* _Description of the task_
What you return should be the lines from the one with "第1ステージでは吹奏楽曲を、" through the one with "Forward-facing ADAS detects" in the data below, reproduced exactly with both ends, and no pictures at all.

* _Material for this exercise_
◆ ◆ ◆ ◆ ◆ ◆ ◆
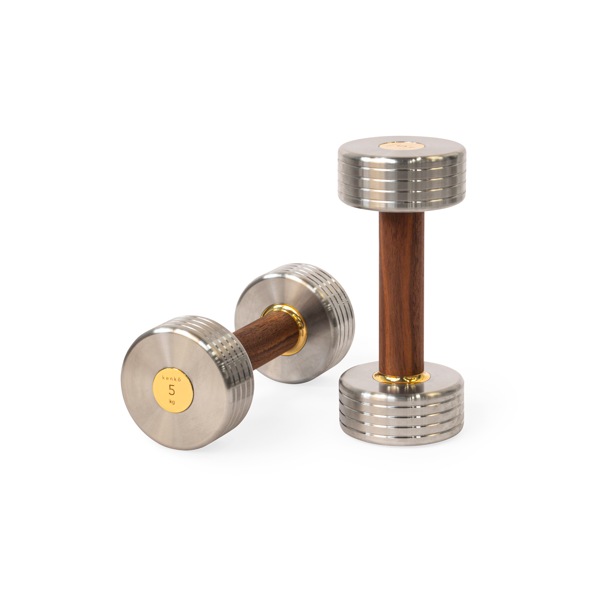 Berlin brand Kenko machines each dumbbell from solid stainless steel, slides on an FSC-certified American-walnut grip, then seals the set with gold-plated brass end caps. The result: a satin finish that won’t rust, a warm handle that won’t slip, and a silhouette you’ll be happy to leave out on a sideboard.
◆ ◆ ◆ ◆ ◆ ◆ ◆
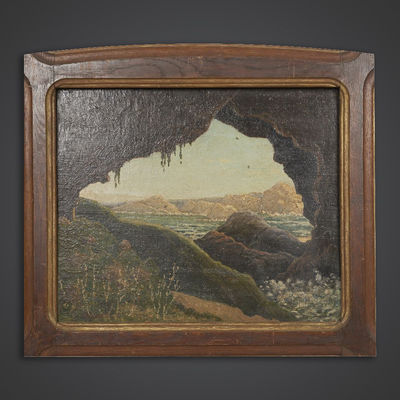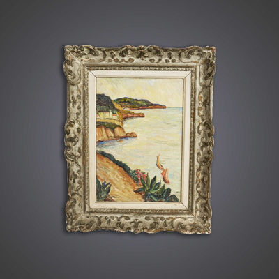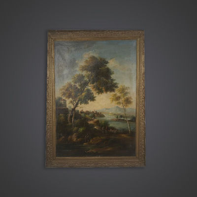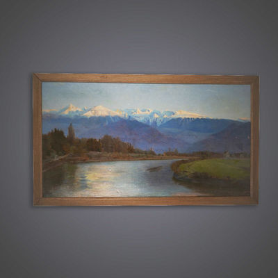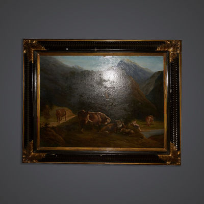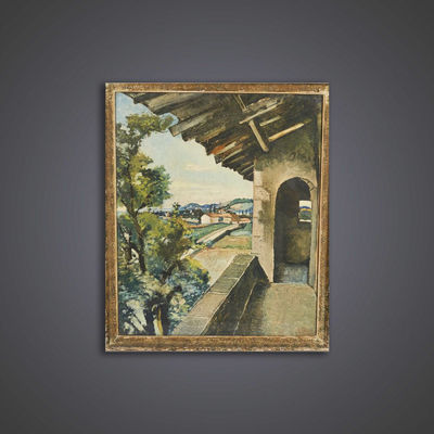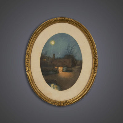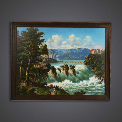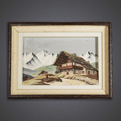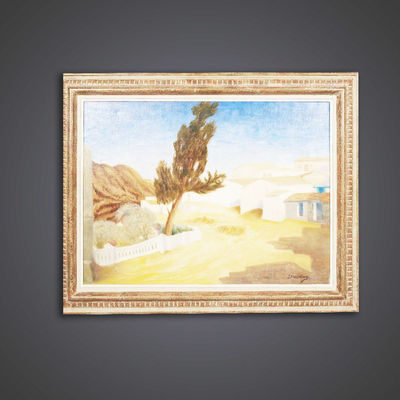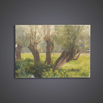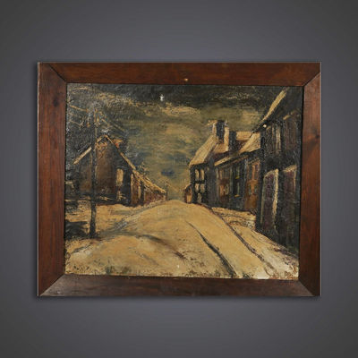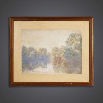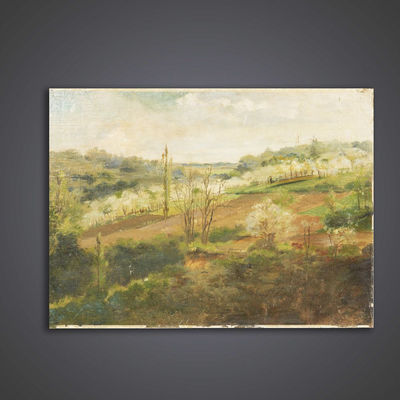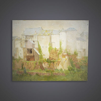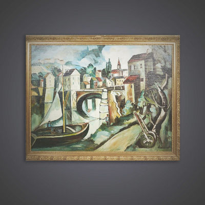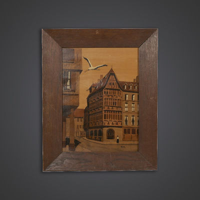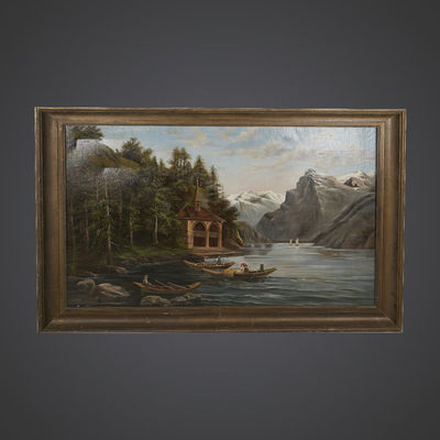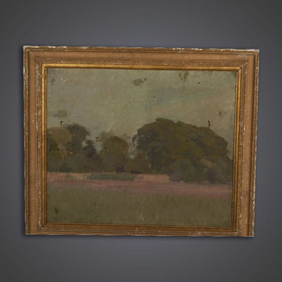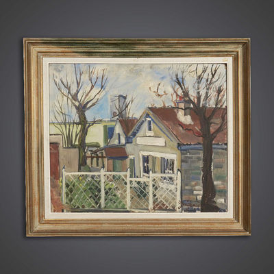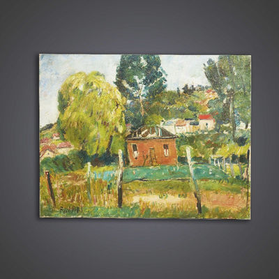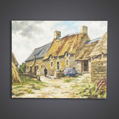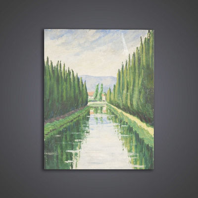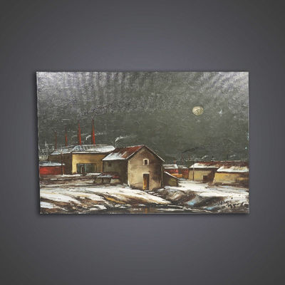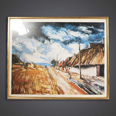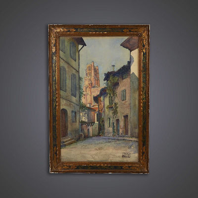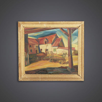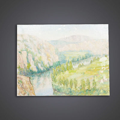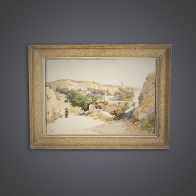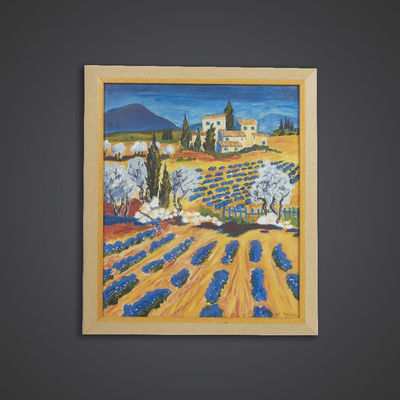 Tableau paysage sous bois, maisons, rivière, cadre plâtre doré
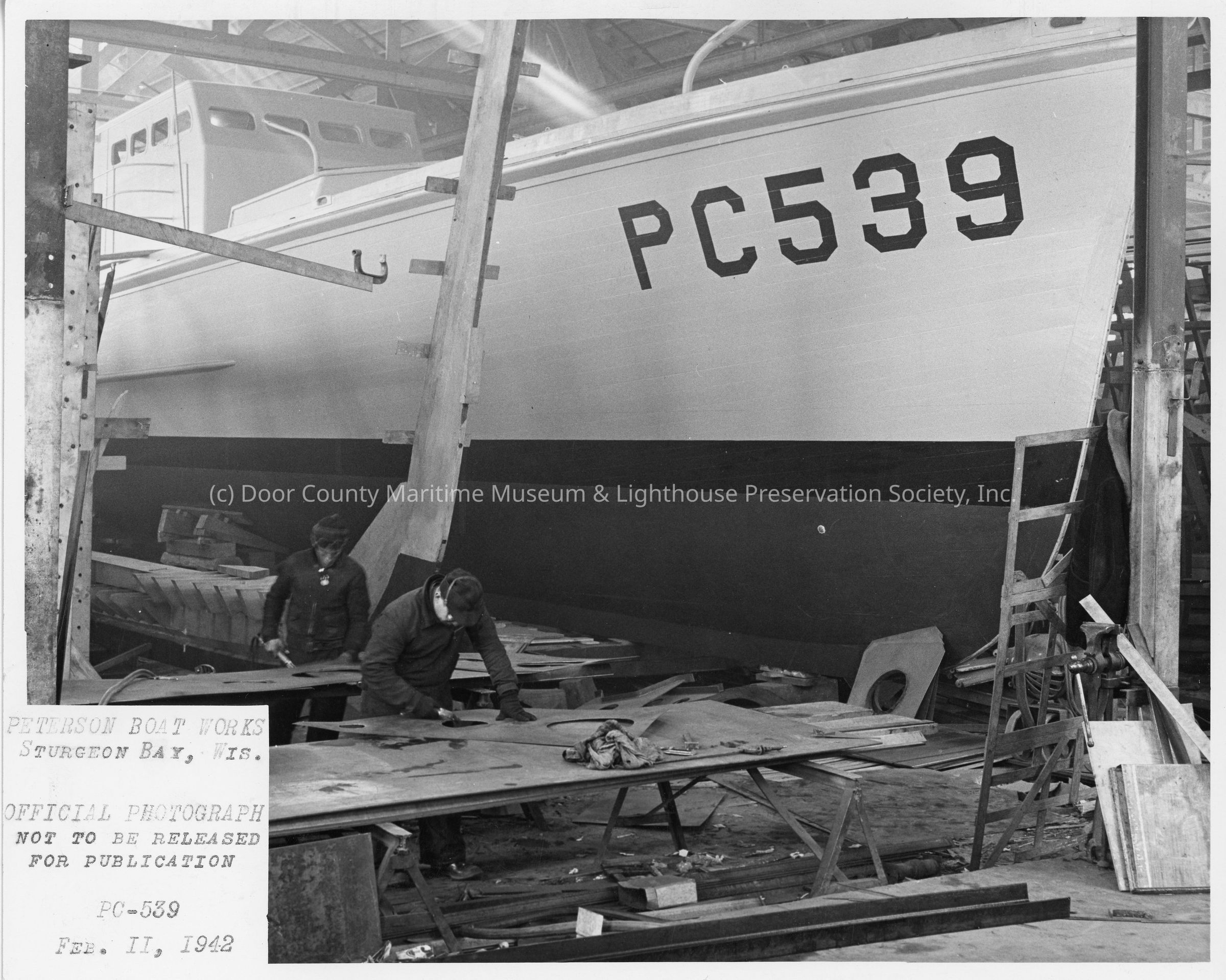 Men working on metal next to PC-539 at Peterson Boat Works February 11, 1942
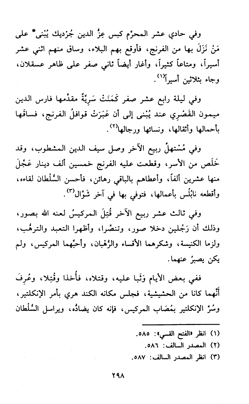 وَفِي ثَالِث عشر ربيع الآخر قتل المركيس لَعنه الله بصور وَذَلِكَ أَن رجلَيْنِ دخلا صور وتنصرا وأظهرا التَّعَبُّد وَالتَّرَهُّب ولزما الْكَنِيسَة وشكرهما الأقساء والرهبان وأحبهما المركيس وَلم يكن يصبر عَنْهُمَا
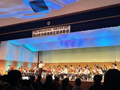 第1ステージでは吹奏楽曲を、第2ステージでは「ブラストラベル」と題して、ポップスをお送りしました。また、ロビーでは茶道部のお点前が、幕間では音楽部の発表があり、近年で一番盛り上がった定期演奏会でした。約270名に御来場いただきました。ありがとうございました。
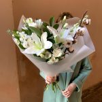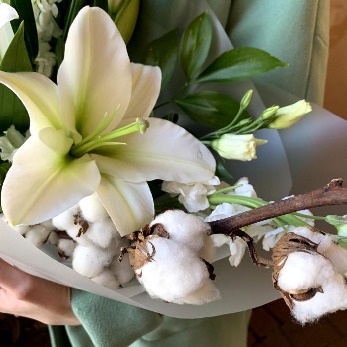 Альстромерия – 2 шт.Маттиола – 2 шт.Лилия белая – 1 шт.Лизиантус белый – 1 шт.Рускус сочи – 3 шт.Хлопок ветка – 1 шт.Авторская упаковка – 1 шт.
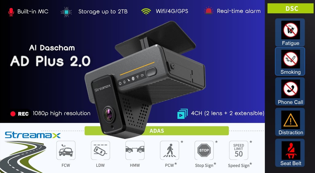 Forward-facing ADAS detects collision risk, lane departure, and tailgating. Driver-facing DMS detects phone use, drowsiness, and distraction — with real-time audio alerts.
◆ ◆ ◆ ◆ ◆ ◆ ◆
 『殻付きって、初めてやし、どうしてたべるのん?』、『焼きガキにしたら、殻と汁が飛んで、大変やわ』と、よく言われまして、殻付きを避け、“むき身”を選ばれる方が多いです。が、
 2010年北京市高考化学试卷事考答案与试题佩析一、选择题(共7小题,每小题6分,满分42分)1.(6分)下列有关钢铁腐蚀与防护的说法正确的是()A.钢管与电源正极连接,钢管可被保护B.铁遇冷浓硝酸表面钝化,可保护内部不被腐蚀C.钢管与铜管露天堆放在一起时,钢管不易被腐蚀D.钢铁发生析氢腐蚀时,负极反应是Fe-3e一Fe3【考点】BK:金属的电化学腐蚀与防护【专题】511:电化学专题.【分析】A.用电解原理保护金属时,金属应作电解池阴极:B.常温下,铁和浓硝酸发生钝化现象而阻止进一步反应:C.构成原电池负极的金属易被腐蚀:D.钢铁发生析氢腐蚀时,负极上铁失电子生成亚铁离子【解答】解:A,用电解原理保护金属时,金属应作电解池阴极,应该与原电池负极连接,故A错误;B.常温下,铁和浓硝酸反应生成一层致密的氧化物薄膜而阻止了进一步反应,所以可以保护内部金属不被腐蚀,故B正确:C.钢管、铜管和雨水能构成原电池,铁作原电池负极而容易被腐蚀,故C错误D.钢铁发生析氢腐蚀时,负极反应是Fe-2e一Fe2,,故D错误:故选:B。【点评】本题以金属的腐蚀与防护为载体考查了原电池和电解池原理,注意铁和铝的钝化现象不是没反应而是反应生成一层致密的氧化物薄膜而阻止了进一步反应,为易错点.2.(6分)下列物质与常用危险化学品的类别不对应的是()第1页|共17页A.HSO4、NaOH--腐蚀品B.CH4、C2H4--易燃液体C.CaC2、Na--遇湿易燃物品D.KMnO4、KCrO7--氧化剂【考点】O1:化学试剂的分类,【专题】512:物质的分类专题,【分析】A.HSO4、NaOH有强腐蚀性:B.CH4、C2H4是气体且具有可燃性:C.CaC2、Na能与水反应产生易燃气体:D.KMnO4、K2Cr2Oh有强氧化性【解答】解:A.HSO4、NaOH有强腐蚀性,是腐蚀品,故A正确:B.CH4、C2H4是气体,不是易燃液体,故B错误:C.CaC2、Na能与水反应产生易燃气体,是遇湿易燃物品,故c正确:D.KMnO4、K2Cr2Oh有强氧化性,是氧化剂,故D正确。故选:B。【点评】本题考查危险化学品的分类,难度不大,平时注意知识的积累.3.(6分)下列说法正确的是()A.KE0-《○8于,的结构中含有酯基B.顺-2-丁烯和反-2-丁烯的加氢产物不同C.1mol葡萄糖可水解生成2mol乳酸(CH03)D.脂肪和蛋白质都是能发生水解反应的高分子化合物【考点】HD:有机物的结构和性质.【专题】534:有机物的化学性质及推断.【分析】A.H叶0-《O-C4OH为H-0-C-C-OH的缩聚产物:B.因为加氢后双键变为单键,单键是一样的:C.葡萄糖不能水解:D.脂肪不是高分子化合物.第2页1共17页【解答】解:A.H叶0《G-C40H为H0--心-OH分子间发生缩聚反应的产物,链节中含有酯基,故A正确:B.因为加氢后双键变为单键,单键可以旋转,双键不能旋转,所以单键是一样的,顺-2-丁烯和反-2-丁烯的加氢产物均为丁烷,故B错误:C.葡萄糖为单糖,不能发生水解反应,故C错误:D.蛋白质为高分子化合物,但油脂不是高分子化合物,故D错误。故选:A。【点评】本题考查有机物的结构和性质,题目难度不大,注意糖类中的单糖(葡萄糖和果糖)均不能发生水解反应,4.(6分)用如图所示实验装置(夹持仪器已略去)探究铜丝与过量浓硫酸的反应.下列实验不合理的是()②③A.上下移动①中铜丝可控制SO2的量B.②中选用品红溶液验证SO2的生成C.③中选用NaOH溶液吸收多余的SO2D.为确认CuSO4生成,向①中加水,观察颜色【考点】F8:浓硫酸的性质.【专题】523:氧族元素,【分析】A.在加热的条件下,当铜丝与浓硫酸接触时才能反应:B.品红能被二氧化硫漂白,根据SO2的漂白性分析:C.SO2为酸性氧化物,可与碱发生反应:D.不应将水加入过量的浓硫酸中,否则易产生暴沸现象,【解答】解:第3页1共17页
◆ ◆ ◆ ◆ ◆ ◆ ◆
* _Your response_
 第1ステージでは吹奏楽曲を、第2ステージでは「ブラストラベル」と題して、ポップスをお送りしました。また、ロビーでは茶道部のお点前が、幕間では音楽部の発表があり、近年で一番盛り上がった定期演奏会でした。約270名に御来場いただきました。ありがとうございました。
 Альстромерия – 2 шт.Маттиола – 2 шт.Лилия белая – 1 шт.Лизиантус белый – 1 шт.Рускус сочи – 3 шт.Хлопок ветка – 1 шт.Авторская упаковка – 1 шт.
 Forward-facing ADAS detects collision risk, lane departure, and tailgating. Driver-facing DMS detects phone use, drowsiness, and distraction — with real-time audio alerts.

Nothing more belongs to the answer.